The cytoskeleton gives most cells their shape, structure, and internal organization. In turn, the cytoskeleton is based on a type of actin protein called filamentous or F-actin. It forms networks of thin, flexible filaments that affect cell shape, stiffness, and movement. studied they found that aging alters actin expression, disrupting cytoskeleton functions, which can lead to age-related diseases, including cancer and neurodegenerative diseases.

A new study by UCLA researchers investigated the role of actin in brain aging and found that when F-actin accumulates in the brain, it impedes cellular clearance and leads to the accumulation of waste that decreases neuronal function and contributes to cognitive decline. However, they found that changing some genes in the fruit flies prevented the accumulation of F-actin and extended the healthy lifespan of the flies by about 30 percent.

“Flies become more forgetful as they age, and their ability to learn and remember declines in middle age, just like in humans,” said David Walker, the study’s corresponding author and professor in the Department of Biology and UCLA’s Integrative Physiology. “If we prevent the build-up of F-actin, it helps the flies learn and remember when they’re older—which tells us the build-up is not benign.”

Autophagy (from the ancient Greek for “self-feeding”) is the body’s cellular recycling system.
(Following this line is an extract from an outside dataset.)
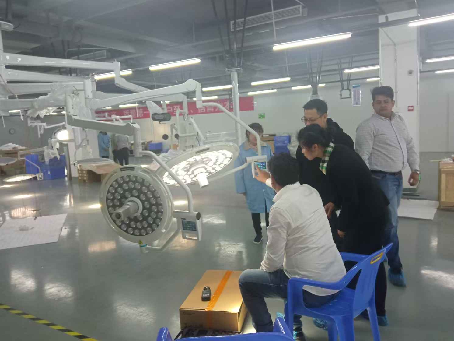 伊拉克客戶通過外貿(mào)銷售經(jīng)理的介紹,對我們的新款多功能花瓣式無影燈產(chǎn)品,產(chǎn)生了濃厚的興趣,當(dāng)即就提出想找機會來廠參觀。

This vital process breaks down and clears old, damaged or abnormal proteins and other cellular substances. There is increasing evidence that autophagic activity declines with age, including in the brain.

The researchers experimented on a Drosophila – fruit fly – model, examining F-actin in the brains of naturally aging animals. They compared the brains of young, middle-aged, and late-aged flies and observed a significant increase in total F-actin levels in the brain as they age.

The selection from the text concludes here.